HDFC Bank is reportedly in pursuit of skilled managers to oversee an expanding base of wealthy clients amid intensifying competition for top talent.
India’s rapidly growing economy is producing an increasing number of ultra-wealthy individuals, with those holding $30 million in assets expected to grow by 50% between 2023 and 2028, according to a Knight Frank wealth report.
This surge has prompted private sector banks to ramp up their efforts to capture market share, further intensifying the competition for skilled wealth managers.
With a reported assets under management totaling Rs 6.47 trillion ($77.2 billion), HDFC Bank has been expanding its wealth management team by 10% to 20% annually, recruiting talent both internally and externally.
The bank currently employs around 800 relationship managers serving clients in approximately 100 cities across India, including smaller markets such as Jorhat in Assam and Salem in Tamil Nadu.

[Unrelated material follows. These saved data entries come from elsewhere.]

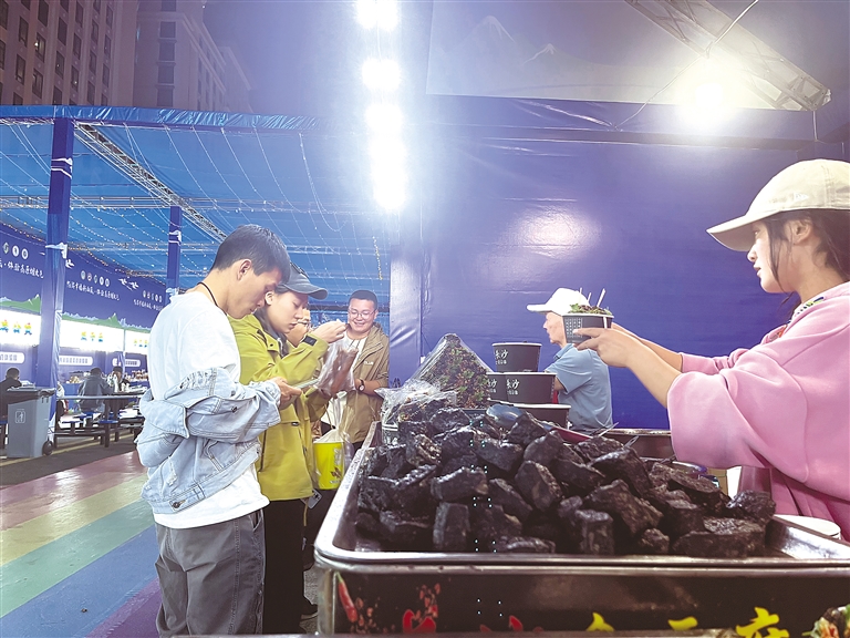 圖為西藏味道美食體驗(yàn)周活動中,市民、游客在選購美食。記者 李梅英 攝
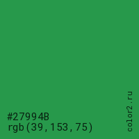 Цвет #27994B в цветовой модели RGB обозначается тремя октетами (39, 153, 75) в десятичном формате и #27994B в шестнадцатиричном (hex) формате, которые являются интенсивностью красного 39 (hex 27), интенсивность зелёного 153 (hex 99) и интенсивность синего 75 (hex 4B).
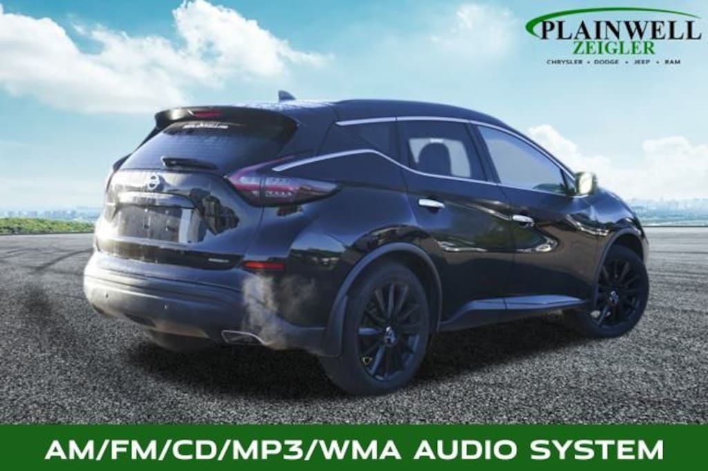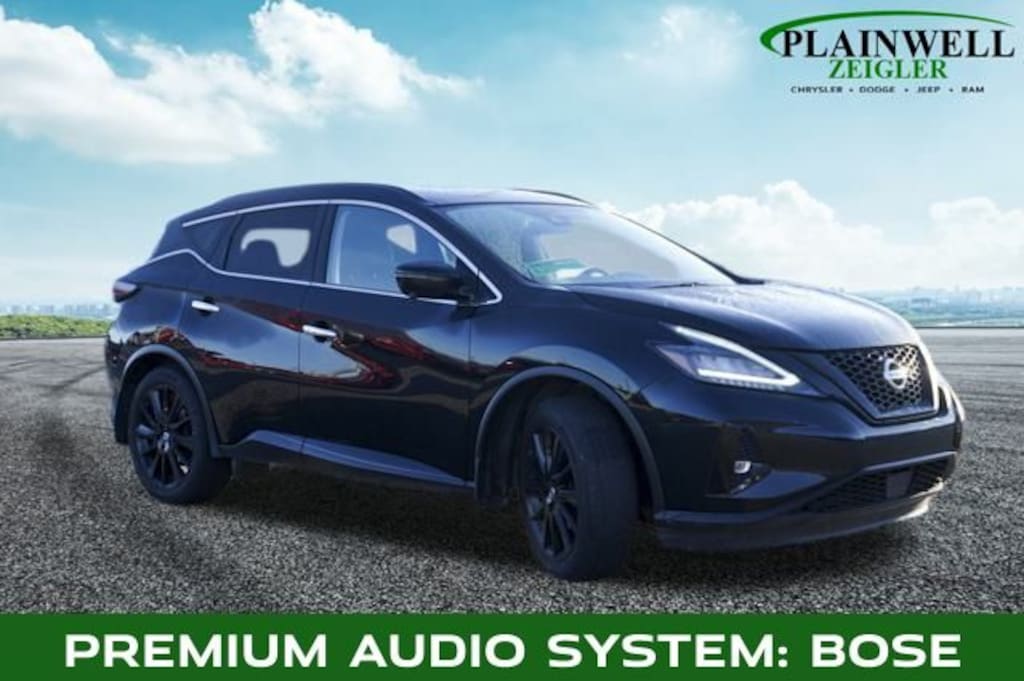 Magnetic Black Pearl 2022 Nissan Murano SL AWD CVT with Xtronic 3.5L V6 DOHC 24V CVT with Xtronic, AWD, 11 Speakers, Air Conditioning, AM/FM radio: SiriusXM, AM/FM/CD/MP3/WMA Audio System, Auto High-beam Headlights, Auto-dimming Rear-View mirror, Blind Spot Warning, Brake assist, Delay-off headlights, Dual Panel Panoramic Moonroof, Electronic Stability Control, Exterior Parking Camera Rear, Front fog lights, Garage door transmitter: HomeLink, Heated door mirrors, Memory seat, Navigation system: NissanConnect Navigation, Panic alarm, Power door mirrors, Power driver seat, Power steering, Power windows, Premium audio system: Bose, Rear window wiper, Remote keyless entry, Roof rack: rails only, Roof Rail Delete, Security system, SL Moonroof Package, Speed control, Speed-Sensitive Wipers, Spoiler, Steering wheel mounted audio controls, Turn signal indicator mirrors, Variably intermittent wipers, Wheels: 20" Machined Aluminum-Alloy.
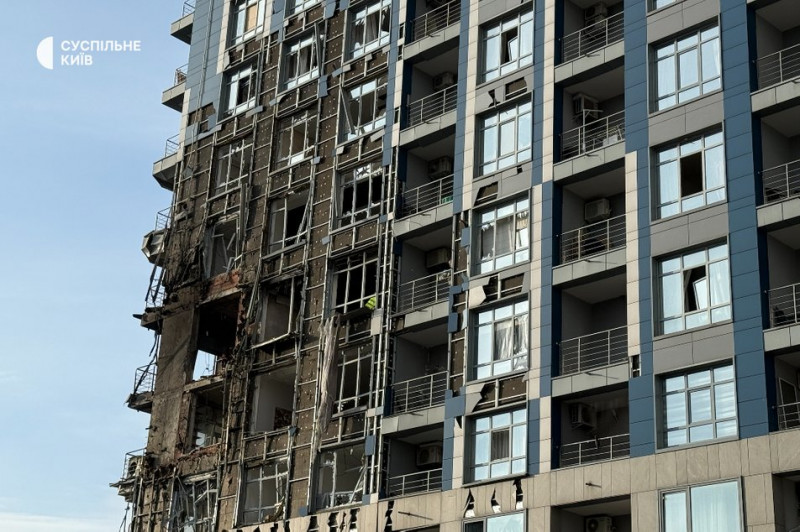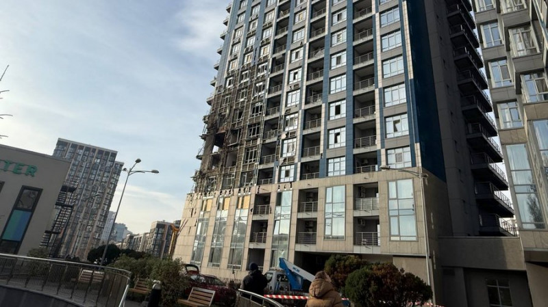 Пошкоджений ЖК «Централ Парк» через російський обстріл Києва, 25 листопада 2025 р. Cуспільне/Анна Железняк

The bank, according to a Bloomberg report, has found it challenging to find individuals in smaller markets who can effectively connect with high-net-worth clients. "Our experience shows that we don’t find people who can relate to a high-net-worth client within the same market," Rakesh K. Singh, who heads HDFC Bank’s investment, private wealth, and international banking divisions was quoted as saying in the report.
"It's crucial for a person to be able to build trust with an HNI."

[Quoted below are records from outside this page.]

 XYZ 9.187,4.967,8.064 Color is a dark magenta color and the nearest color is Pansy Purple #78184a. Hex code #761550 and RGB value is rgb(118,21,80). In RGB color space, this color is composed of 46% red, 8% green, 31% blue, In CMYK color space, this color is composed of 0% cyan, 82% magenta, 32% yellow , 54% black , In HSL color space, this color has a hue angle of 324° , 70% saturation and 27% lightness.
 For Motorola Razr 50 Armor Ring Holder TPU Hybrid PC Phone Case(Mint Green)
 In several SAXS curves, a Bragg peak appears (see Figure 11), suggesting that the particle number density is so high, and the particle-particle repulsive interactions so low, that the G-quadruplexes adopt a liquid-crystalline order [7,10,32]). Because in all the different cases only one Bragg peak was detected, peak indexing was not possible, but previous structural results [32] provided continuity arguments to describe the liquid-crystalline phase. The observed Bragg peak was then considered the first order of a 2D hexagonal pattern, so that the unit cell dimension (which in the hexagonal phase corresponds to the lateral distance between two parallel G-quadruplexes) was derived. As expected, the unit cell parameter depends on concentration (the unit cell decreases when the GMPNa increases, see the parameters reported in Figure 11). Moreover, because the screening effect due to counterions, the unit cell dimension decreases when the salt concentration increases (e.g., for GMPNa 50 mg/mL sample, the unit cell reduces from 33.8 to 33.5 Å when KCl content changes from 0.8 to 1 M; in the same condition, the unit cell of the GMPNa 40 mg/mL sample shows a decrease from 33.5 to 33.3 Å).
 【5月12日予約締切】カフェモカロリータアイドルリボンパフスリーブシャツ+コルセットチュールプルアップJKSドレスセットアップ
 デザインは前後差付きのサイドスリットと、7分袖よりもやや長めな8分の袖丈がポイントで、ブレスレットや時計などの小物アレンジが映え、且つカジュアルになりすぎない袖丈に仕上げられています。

Singh, in the report, acknowledged that the scarcity of skilled talent in smaller towns could hinder the bank's expansion efforts in those areas.

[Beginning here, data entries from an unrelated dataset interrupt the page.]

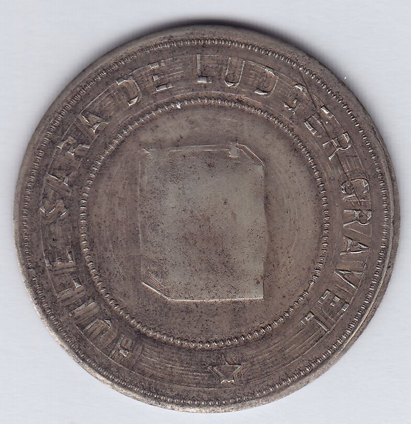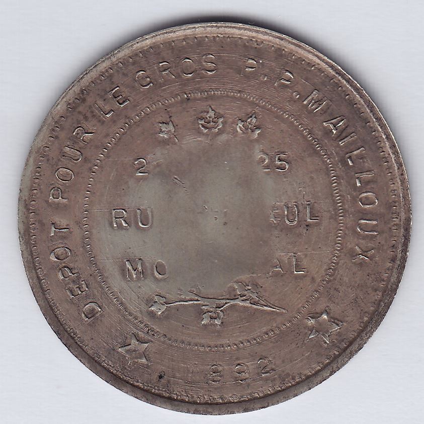 For his Sara brand of oil, 1892. Silver, or German Silver. Struck on a very thin flan, and poorly struck up at that, the can of oil effacing the central portion of reverse due to the very thinness of the flan. Even the oil can on obverse has not taken up the text impression. There is a cut through part of Gravel's name, indicating that the piece may have been rejected. Interesting, and definitely rare.
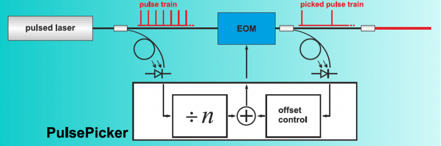 1. 工作流程:脉冲激光发出原始脉冲序列,进入电光调制器(EOM);PulsePicker 系统通过偏移控制(offset control)调节 EOM,筛选出目标脉冲序列,最终输出选通后的脉冲序列(picked pulse train)。
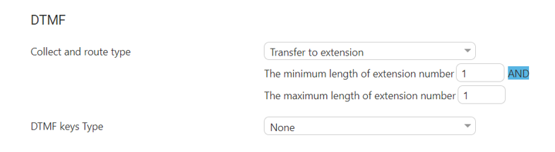 10. Under the DTMF group, from the 'Collect and route type' drop-down list, select the appropriate value. This is used to collect and route by one or more digits:
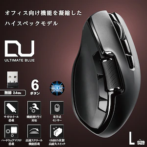 エレコム2.4GHzワイヤレス Ultimate Blueマウス ハードウェアマクロ搭載 サイドホイール 高速スクロール 6ボタン Lサイズ(ブラック)DUALシリーズM-DWL01DBBK
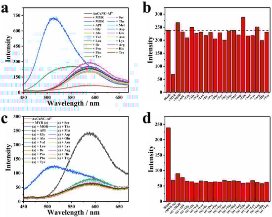(a) Fluorescence spectra and (b) the corresponding intensity changes (585 nm) of AuCuNC-Al3+ (0.050 mg∙L−1, 200 μM) in the presence of different kinds of amino acids (50 μM) and other flavonols in MES-NaOH buffer (pH = 6.0); (c) fluorescence spectra; and (d) the corresponding intensity changes (585 nm) of AuCuNC-Al3+ (0.050 mg∙L−1, 200 μM) in the absence and presence of myricetin (50 μM), and the mixture of myricetin and equivalent amino acids or other flavonols (50 μM) in MES-NaOH buffer (pH = 6.0; myricetin, morin, apigenin, glycine, alanine, valine, leucine, isoleucine, proline, phenylalanine, tyrosine, serine, threonine, methionine, aspartic acid, glutamine, asparagine, lysine, arginine, histidine, and tryptophan are abbreviated as MYR, MOR, API, Gly, Ala, Val, Leu, Ile, Pro, Phe, Tyr, Ser, Thr, Met, Asp, Gln, Asn, Lys, Arg, His, and Try, respectively).

Some relationship managers are being enticed by salary increases of 40% to 50% offered by rival firms, Singh told the agency. The bank fears as more wealth management units raise compensation to attract these highly sought-after managers, the financial viability of these ventures could be jeopardized. BT could not independently verify the report.
Despite these challenges, HDFC Bank remains committed to sustainable growth. The bank’s recent annual report highlights its focus on strengthening both its physical and digital infrastructure, even as near-term growth faces constraints due to credit-deposit ratio challenges. The bank’s Retail, Commercial, and Rural Banking portfolio has shown healthy growth, helping to address priority sector lending shortfalls.
According to a research report by Motilal Oswal, HDFC Bank is projected to deliver a return on assets (RoA) of 1.86% and a return on equity (RoE) of 14.9% by FY26. The report maintains a "BUY" rating on HDFC Bank’s stock, with a target price of INR 1,850, based on 2.3 times FY26 estimated adjusted book value and INR 256 for its subsidiaries.